Concours de circonstances : ma nuit de vengeance torride
C’était mi-février, Nord de la France. Neige fine, vent glacial qui pique la peau. On roulait avec mon mari vers la maison de sa copine d’aquagym, pour fêter ses 30 ans de mariage. Eux, bloqués sur la route à cause de la verglace. Nous, les cousins du Havre, 28 ans pour moi, lui 32. Mais… y avait de l’eau dans le gaz. J’avais chopé ses messages avec la femme de ménage, cette petite salope du village. Il l’avait baisée chez nous, sur notre lit. Humiliation totale. J’avais forcé sur le champagne à la fête, noyé le chagrin. Lui, penaud, matait le foot sur Canal.
L’hôte, un ingénieur d’une cinquantaine d’années, gentil, baraqué sous son pull. Maison cosy, feu de bois qui crépite, odeur de résine qui embaume. Sa femme bloquée à Lille avec ses copines orchidées. On est seuls, lui, mon mari et moi. Vers 20h, on discute météo, photos de Grèce accrochées au mur. Mon mari monte se coucher tôt, vexé par mes piques. “T’es un pleutre, tu préfères le foot et tripoter les putes de ménage !” Il s’en fout, ronfle déjà.
L’arrivée sous la neige et les premières tensions
Je reste devant les flammes, en chemise de nuit satin abricot, sans soutif. Nichons lourds qui ballottent un peu quand je me penche pour brancher mon chargeur photo. Il mate, yeux qui brillent. Euh… on boit du raki grec, fort, qui chauffe la gorge, picote les lèvres. Goût sucré-amer, comme du miel brûlé. Je vide mon sac : “Il m’a trompée, cette enflure. Preuves en main. J’ai envie de le cocufier, là, maintenant.” Il me fixe, calme. “La vie est courte, Marie. Prends-la en main.”

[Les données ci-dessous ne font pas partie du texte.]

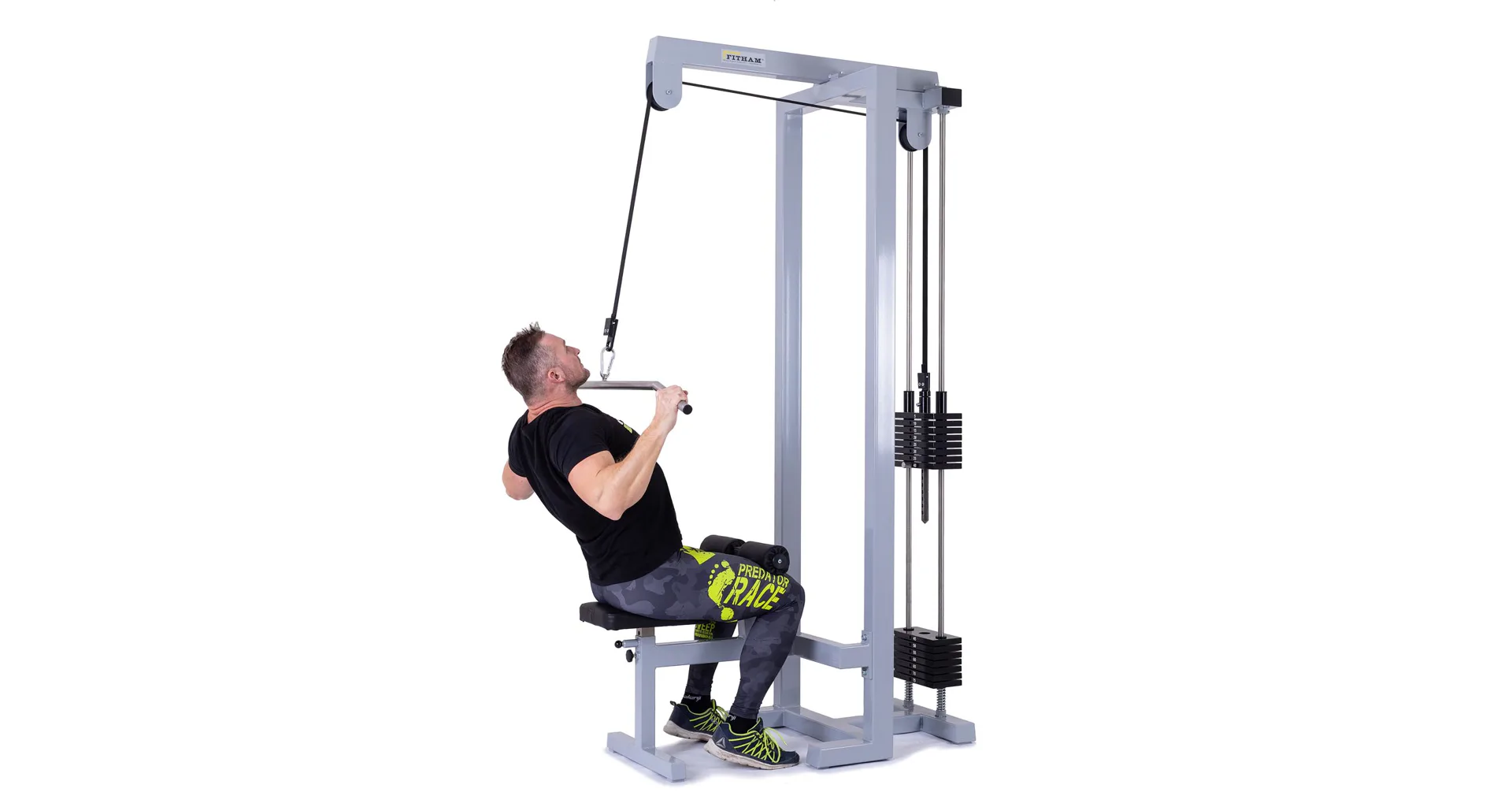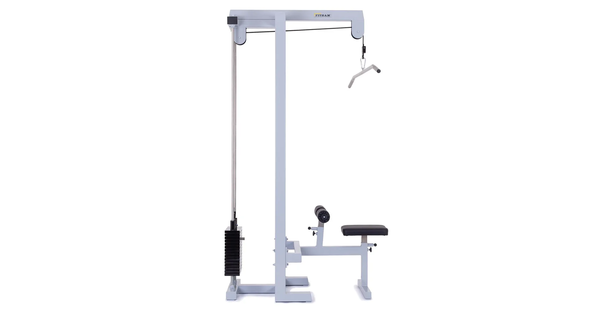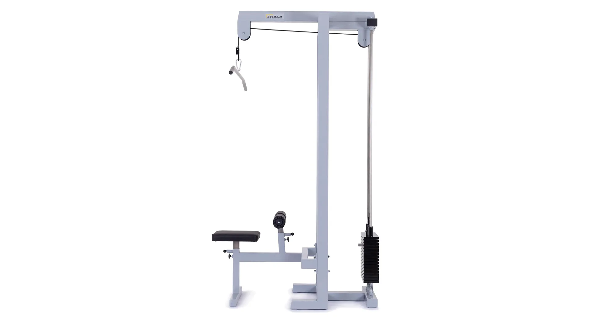 FITHAM Horná kladka patrí k najviac používaným špecializovaným strojom, jedná sa o klasickú hornú kladku na príťahy. Cvičenie sťahovania hornej kladky umožňuje posilňovanie hornej polovice tela. Je možné aktivovať a teda cvičiť široký zadný sval, ramená, triceps, brucho, prípadne ďalšie partie. Konštrukcia má pohodlné polstrované sedadlo a polohovateľné kolenné valce na zapretie nôh.

Son regard change. Il se déshabille, queue semi-dure qui pend, grosse, veineuse. Odeur masculine, sueur légère du feu. Je ris, éméchée. “T’es pas mal pour un vieux.” Il s’approche, bisou humide dans le cou, bite collée à mes fesses fermes sous le satin glissant. Chaleur de sa peau contre la mienne. Je gémis doucement, “Mmmh…”. Il descend les bretelles, empoigne mes seins. Lourds, moelleux, tétons durs comme cailloux. Il pétrit, suce, bruit de succion humide. Odeur de ma chatte qui monte, chèvrefeuille parfumé que j’ai mis exprès.
Je guide sa main entre mes jambes. Poils roux frisés, bombé, mouillé déjà. Il s’assoit par terre, entre mes cuisses écartées. Langue chaude qui lèche le clito, glisse dans la fente salée. “Oh putain… oui, comme ça.” Je fléchis, croupe ouverte, anus poilu qui clignote. Il lèche là, audacieux. “T’es une cochonne,” il murmure. Sa queue durcit, je la branle, main potelée qui serre à peine. Goût pré-sperme sur mes doigts.

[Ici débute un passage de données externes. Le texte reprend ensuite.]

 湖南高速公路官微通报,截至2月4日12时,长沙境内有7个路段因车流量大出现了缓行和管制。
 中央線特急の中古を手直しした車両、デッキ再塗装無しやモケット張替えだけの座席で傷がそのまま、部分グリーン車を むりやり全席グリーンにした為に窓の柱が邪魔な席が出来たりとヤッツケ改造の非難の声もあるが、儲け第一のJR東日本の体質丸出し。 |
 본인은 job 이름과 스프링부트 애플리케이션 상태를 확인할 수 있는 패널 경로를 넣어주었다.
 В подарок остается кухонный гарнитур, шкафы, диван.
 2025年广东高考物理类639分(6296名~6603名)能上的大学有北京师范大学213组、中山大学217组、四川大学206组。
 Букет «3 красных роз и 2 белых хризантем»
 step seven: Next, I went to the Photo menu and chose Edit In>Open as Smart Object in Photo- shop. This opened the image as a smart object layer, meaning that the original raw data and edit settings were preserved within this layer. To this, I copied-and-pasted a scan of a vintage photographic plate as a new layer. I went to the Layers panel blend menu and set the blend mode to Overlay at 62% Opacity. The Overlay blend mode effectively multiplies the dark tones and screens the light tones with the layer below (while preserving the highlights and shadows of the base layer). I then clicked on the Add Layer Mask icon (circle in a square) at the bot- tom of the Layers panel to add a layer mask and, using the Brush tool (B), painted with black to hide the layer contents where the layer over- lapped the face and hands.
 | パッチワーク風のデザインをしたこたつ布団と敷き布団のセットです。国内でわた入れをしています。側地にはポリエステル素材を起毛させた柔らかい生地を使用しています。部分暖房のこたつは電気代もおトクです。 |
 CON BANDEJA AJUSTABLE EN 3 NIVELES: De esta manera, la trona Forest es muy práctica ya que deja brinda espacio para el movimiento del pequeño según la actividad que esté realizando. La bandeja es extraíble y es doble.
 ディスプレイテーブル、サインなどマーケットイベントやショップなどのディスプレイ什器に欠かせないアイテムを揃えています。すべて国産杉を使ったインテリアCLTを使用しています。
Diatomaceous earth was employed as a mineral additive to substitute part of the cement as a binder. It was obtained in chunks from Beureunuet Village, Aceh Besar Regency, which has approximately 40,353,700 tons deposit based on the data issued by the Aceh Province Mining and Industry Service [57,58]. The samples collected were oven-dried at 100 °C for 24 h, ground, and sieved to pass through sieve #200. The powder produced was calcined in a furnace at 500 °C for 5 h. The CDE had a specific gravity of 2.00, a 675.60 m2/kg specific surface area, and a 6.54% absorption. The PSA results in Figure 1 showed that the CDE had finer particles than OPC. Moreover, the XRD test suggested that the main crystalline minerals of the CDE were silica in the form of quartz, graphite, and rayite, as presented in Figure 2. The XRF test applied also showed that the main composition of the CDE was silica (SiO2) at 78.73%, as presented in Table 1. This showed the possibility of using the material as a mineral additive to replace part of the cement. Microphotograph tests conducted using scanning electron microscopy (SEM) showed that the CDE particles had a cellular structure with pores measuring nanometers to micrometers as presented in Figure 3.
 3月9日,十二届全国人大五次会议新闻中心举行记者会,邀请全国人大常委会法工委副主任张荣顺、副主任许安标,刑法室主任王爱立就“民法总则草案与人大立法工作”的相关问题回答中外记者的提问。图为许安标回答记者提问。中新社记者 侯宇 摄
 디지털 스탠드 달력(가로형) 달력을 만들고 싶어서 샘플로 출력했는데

La baise sauvage devant la cheminée
On s’embrasse, langues qui dansent, salive partagée. “Préservatif ?” demande-t-il. “Pas pour la photo vengeance,” je rigole. Je pose à quatre pattes sur le canapé, nichons pendants qui claquent. Il glisse sa queue entre, branlette espagnole moelleuse, chaude. Flash de mon appareil : ma bouche autour de sa bite, veines gonflées, salive qui bave. “Magnifique,” je dis, excitée.

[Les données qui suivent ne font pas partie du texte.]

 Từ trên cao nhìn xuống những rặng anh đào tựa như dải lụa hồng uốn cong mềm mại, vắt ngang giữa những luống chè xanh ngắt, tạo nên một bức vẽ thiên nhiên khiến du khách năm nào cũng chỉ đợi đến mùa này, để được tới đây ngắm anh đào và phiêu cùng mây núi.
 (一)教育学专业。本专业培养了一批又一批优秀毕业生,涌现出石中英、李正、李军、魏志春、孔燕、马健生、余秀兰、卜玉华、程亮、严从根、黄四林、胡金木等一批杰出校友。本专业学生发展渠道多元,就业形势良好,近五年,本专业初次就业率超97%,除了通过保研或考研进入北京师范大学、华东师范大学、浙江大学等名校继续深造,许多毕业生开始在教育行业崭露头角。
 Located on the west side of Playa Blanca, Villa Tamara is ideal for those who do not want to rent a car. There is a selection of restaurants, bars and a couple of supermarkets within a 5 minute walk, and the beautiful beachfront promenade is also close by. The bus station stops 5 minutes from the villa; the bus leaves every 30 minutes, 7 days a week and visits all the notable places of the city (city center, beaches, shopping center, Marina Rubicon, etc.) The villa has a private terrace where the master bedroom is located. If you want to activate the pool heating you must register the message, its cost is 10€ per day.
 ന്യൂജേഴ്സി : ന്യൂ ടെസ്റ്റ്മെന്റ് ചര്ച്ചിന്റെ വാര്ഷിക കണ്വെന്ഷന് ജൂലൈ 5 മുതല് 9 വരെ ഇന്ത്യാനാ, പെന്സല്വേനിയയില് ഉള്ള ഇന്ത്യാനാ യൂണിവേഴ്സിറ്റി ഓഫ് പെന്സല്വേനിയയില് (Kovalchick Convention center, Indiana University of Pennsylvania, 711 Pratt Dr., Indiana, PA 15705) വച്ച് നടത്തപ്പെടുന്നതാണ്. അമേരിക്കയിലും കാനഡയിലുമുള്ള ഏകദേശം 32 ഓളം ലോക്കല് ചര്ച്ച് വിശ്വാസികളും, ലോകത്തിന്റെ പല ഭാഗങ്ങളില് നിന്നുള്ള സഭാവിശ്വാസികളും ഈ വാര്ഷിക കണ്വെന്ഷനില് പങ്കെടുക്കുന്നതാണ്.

Je le chevauche, minou trempé qui avale tout. “Aah… t’es large.” Je monte-descends, testicules écrasés sur ses cuisses. Odeur de sexe, feu qui craque. “Levrette, j’ai envie de pisser.” Dans les chiottes, porte ouverte, jet chaud qui gicle, il mate. Puis, gel lubrifiant froid sur mon cul. Doigts qui fouillent l’anus serré. Bite qui pousse… aïe, trop étroit. On arrête, rire gêné. “Photo du cul béant, avec ma tache de naissance en botte d’Italie. Il va péter un câble !”
Flash sur ma croupe ouverte, trous luisants. Retour au missionnaire sur le fauteuil, jambes sur accoudoirs. Il lime fort, nichons qui ballotent, clito pincé par mes doigts. Gémissements rauques, “Vas-y, plus fort !” Pet de lui, on rit. Puis spasme, sperme chaud qui gicle dedans. Goût gluant sur ma langue après : dégueu mais victorieux.
Matin, photos effacées, copies gardées. Déj banal, mais contre le frigo, sa langue dans ma toison avant que sa femme arrive. Deux mois après, je lui montre les clichés. Sa tête… priceless. Hasard cruel : à Rhodes, je le croise avec un Grec. Mais ça, c’est une autre histoire.